Deregulated nutrient measurement
If there are plenty of nutrients in the body, the cells multiply. However, if they are scarce, the body concentrates on maintenance and repair. Studies have been developed to simulate nutrient deficiencies in the body by means of food reduction and/or medication. These strategies have improved health and longevity in animal studies.
Dysfunction of the mitochondria
Mitochondria are the “powerhouses of the cell”, but they also produce free radicals (reactive oxygen species or ROS) that damage cells. A new line of thought suggests that oxygen radicals may be important in signaling cellular stress, causing cells, organs and tissues to increase their maintenance and repair processes. See also
Cellular senescence
Cellular senescence is a phenomenon in which cells stop dividing. With increasing age, these ageing cells accumulate and release harmful signals into the environment. The cause of cellular senescence is a shortening of the telomeres, DNA components in the chromosomes that are important for all biological processes. They are associated with ageing.

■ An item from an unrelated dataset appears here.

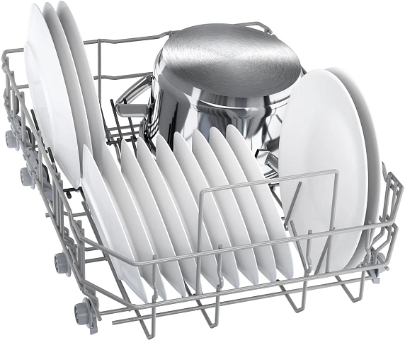 Посудомоечная машина Bosch SPS4HMI64Q из нержавеющей стали с чёрной панелью управления подчёркивает премиальную эстеттику и отлично вписывается в современную кухню; узкий формат шириной 45 см делает оборудование идеальным решением для компактных помещений, сохраняющим вместимость до 10 комплектов посуды. Отдельностоящий формат упрощает монтаж и даёт свободу планировки, а высота 84,5 см и глубина 60 см обеспечивают совместимость с большинством столешниц. Внутреннее пространство выполнено из нержавеющей стали, что повышает долговечность и устойчивость к агрессивным моющим средствам, дополнительно защищено возможностью гарантийной защиты от сквозной коррозии моечной камеры на срок 10 лет.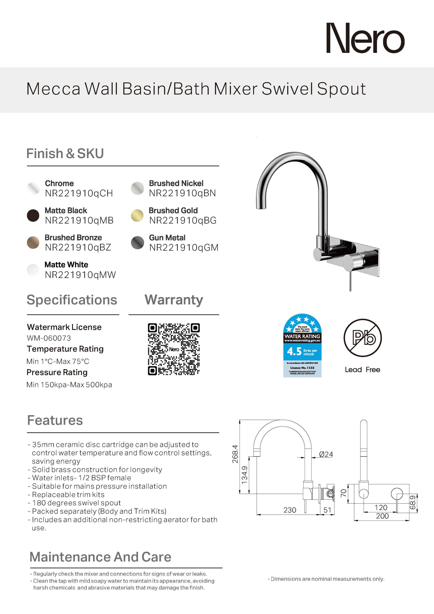Nero Mecca Wall Basin/Bath Mixer Swivel Spout Brushed Gold NR221910QBG

Recent work in which mice were genetically engineered so that researchers could eliminate many of their senescent cells has shown evidence of health benefits, including a longer lifespan. Work is currently underway to identify drugs that target the elimination of senescent cells.
Depletion of stem cells
Our body’s ability to regenerate tissues and organs depends on healthy stem cells. They can differentiate into different cell types and then replicate as required. With increasing age, the stem cell pools are depleted or the ageing stem cells no longer function as well.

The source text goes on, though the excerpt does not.